Hydronalix to build unmanned surface vessel (USV) to monitor safety and for underwater communications
LAKEHURST, N.J., 20 Oct. 2016. U.S. Navy researchers needed an unmanned surface vessel (USV) to monitor the safety of Navy boats operating in the Persian Gulf, as well as to maintain underwater communications. They found their solution from Hydronalix Inc. in Green Valley, Ariz.
Officials of the Naval Air Warfare Center Aircraft Division in Lakehurst, N.J., announced plans Wednesday to award a phase-3 small business innovative research (SBIR) to Hydronalix to upgrade micro USV technology and integrate it with existing underwater acoustic communications technology.
The Naval Air Warfare Center is negotiating the SBIR phase-3 contract with Hydronalix on behalf of the Office of Naval Research Science Advisor for the Commander Fifth Fleet in Bahrain. The value of the upcoming contract has yet to be negotiated.
Hydronalix engineers will adapt a small unmanned surface boat to function as a mobile gateway buoy to support Fifth Fleet operations. The unmanned boat will act as a communications node in an underwater communications network to help protect Navy manned rigid-hull inflatable boats operating in the Persian Gulf.
These manned Navy boats monitor port operations, perform vehicle inspections, and carry out similar operations. Navy experts say the unmanned mobile gateway buoy will enable Navy boat crews to carry out missions when other assets are not available because of bad weather, engagement limitations, and treaty agreements.
Navy officials say using the unmanned surface vessel acting as a mobile gateway buoy to monitor the operations may reduce the need to use other Navy boats, ships, and aircraft to protect the inflatable boat crews.

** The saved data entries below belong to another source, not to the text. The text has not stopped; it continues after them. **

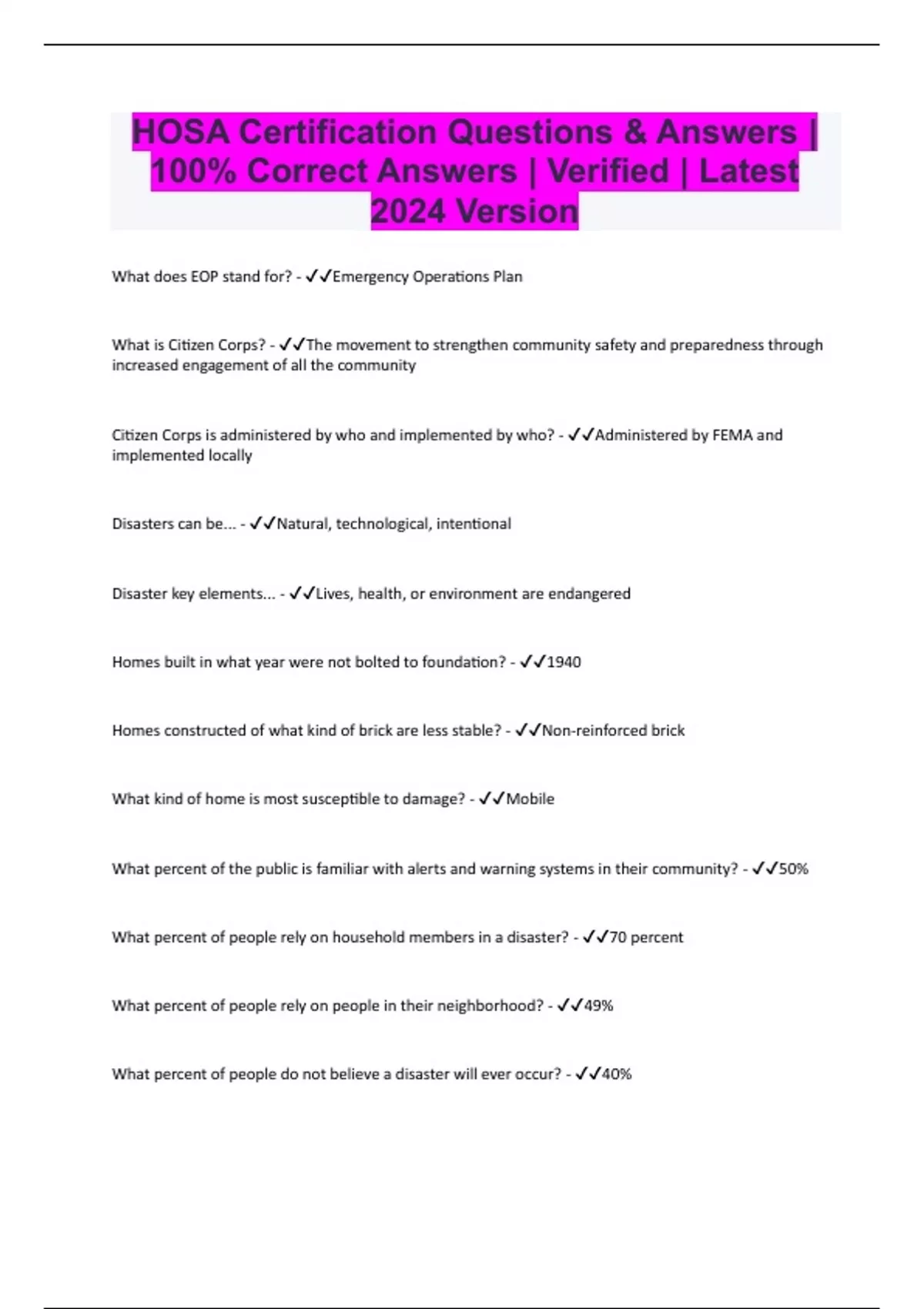 HOSA Certification Questions & Answers | 100% Correct Answers | Verified | Latest 2024 Version
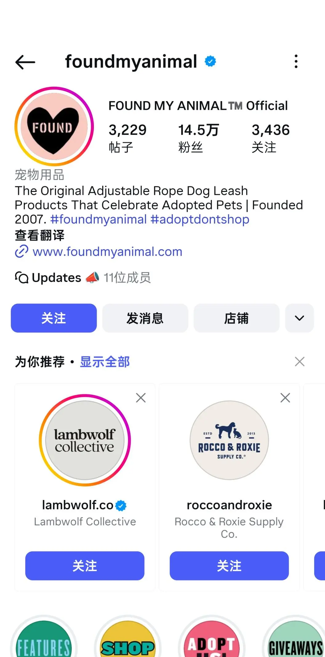 Found My Animal的营销策略以情感化内容为核心,通过社交媒体分享救助动物的故事和宠物佩戴产品的温馨画面,打造有温度的品牌形象。
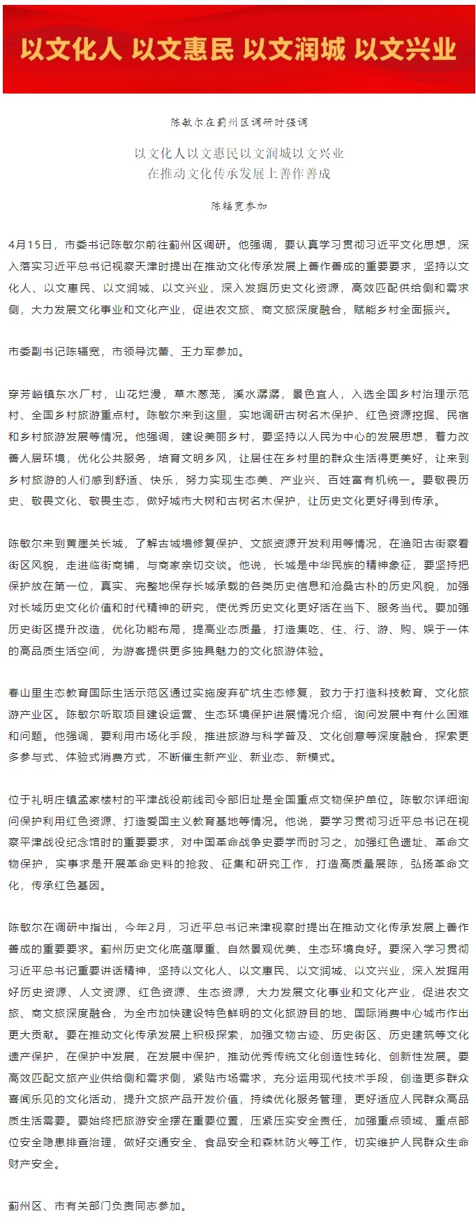 陈敏尔在蓟州区调研时强调:以文化人以文惠民以文润城以文兴业,在推动文化传承发展上善作善成

The unmanned surface vessel acting as a mobile gateway buoy will be capable of situational awareness, transmitting and receiving data, and be stationed aboard Navy ships and boats. Without such a system, Navy boat crews may continue to be used inefficiently and inadvertently face danger by operating in or near mine fields or unknown vessels, Navy officials say.
Ultimately, Navy researchers want to create a field-deployable system that enables Fifth Fleet explosive ordnance disposal forces to communicate remotely and track unmanned underwater vehicles (UUVs) that are involved with locating and destroying enemy sea mines.
This project could add levels of intelligence, surveillance, and reconnaissance (ISR) capability not available in existing Micro-USV systems, Navy officials say.